Albert Rank, écrivain célèbre, sort
d'une séance de dédicace. Arrivé chez
lui, il trouve dans son courrier
la lettre
d'une"inconnue" : une femme l'a aimé depuis son plus
jeune âge d'un "amour éternel et muet", amour
qu'elle n'avoue qu'au moment de sa mort prochaine, dans une
longue lettre passionnée
Très longtemps
on ne verra qu'une main fatiguée, on n'entendra que
la voix d'Irène Jacob lire cette longue lettre.
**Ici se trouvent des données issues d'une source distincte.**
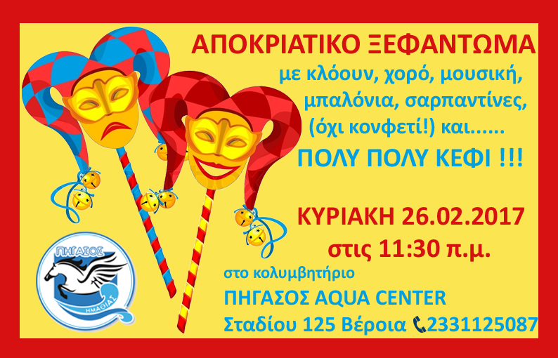 Τα μέλη και οι φίλοι του Πήγασου, σας προσκαλούν σε ένα αποκριάτικο ξεφάντωμα, με κλόουν, χορό, μουσική, μπαλόνια, σαρπαντίνες (όχι κονφετί!), και…. ΠΟΛΥ ΠΟΛΥ ΚΕΦΙ!

Après les premiers émois de Rose enfant, nous
la voyons devenue adulte (Irène Jacob) revenir
à Vienne, dans l'espoir de revoir celui qu'elle avait
aimé secrètement. Pourtant
elle avait
tout imaginé sauf "Que tu pourrais ne pas me
reconnaître" .
Le film prévu initialement début 2002 sur
France 3 est finalement été diffusé sur
"Festival" en juin 2002, puis enfin sur France 3
le 22
décembre 2003.
Diffusion suivie
d'un hommage à Christine Gouze-Rénal,
disparue en octobre 2002, "le" producteur du film, a propos
de laquelle s'exprimaient J. Deray, J.Cl. Carrière,
Ch.Thompson et Irène Jacob qui quant à elle :
"Cet amour des projets qu'elle faisait, sa force, sa
féminité, son esprit d'entreprise
son
ouverture et puis sa marque sur les
choses
"
Dans ce film, le
dernier de la productrice (150 films !), Jacques Deray et
Jean-Claude Carrière ont évité avec un
certain talent le double piège du "sentimentalisme"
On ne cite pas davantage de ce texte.